╭──

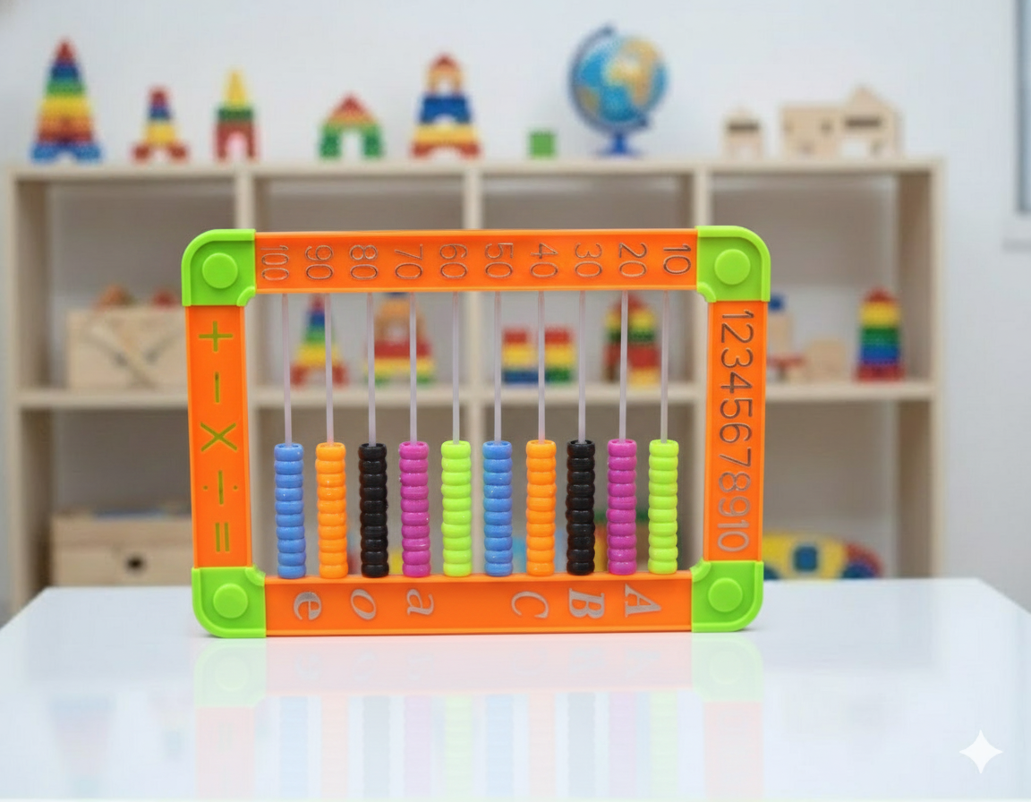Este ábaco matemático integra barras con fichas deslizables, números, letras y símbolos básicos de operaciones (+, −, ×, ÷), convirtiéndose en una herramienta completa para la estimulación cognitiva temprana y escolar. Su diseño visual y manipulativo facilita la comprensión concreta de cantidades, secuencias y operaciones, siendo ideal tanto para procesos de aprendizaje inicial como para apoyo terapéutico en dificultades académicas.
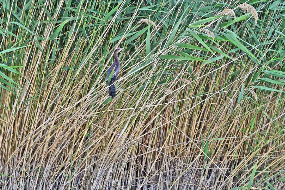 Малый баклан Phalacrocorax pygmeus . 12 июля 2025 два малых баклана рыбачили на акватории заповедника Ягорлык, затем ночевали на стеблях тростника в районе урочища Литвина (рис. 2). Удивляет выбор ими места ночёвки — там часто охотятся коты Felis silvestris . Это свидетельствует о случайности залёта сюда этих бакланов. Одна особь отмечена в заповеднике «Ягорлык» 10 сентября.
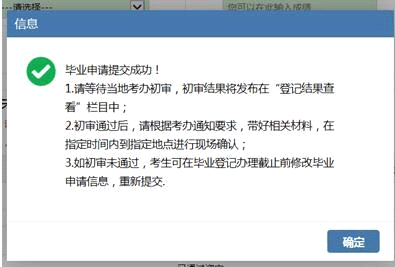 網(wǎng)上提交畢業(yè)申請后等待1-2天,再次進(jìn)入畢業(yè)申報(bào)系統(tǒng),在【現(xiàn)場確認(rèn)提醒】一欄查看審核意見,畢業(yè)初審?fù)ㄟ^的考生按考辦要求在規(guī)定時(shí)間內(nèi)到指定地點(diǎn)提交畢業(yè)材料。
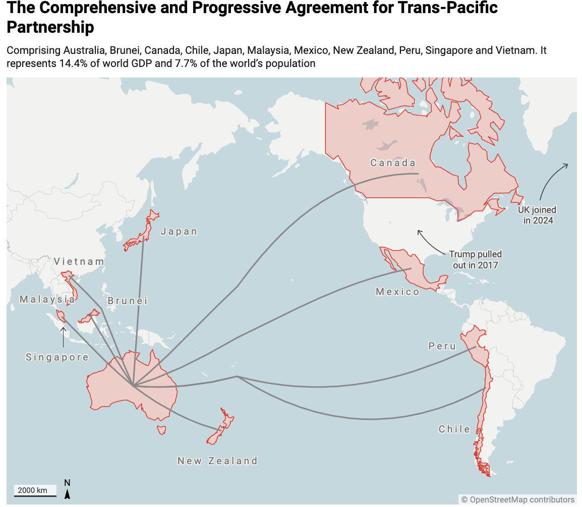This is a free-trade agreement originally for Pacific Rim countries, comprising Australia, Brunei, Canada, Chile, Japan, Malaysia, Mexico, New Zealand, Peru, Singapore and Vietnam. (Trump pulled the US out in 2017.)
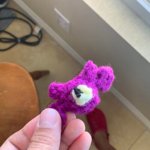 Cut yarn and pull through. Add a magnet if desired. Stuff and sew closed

╰──
╭──

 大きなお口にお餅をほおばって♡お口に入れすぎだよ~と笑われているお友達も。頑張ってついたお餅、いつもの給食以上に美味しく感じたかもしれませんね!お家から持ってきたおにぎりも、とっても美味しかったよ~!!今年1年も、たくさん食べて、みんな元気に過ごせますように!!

╰──

*The problem*. Exact copy, pictures excluded: every line above from the one containing "This is a free-trade" to the one containing "Cut yarn and", inclusive, and nothing more.

*The answer*.
This is a free-trade agreement originally for Pacific Rim countries, comprising Australia, Brunei, Canada, Chile, Japan, Malaysia, Mexico, New Zealand, Peru, Singapore and Vietnam. (Trump pulled the US out in 2017.)
 Cut yarn and pull through. Add a magnet if desired. Stuff and sew closed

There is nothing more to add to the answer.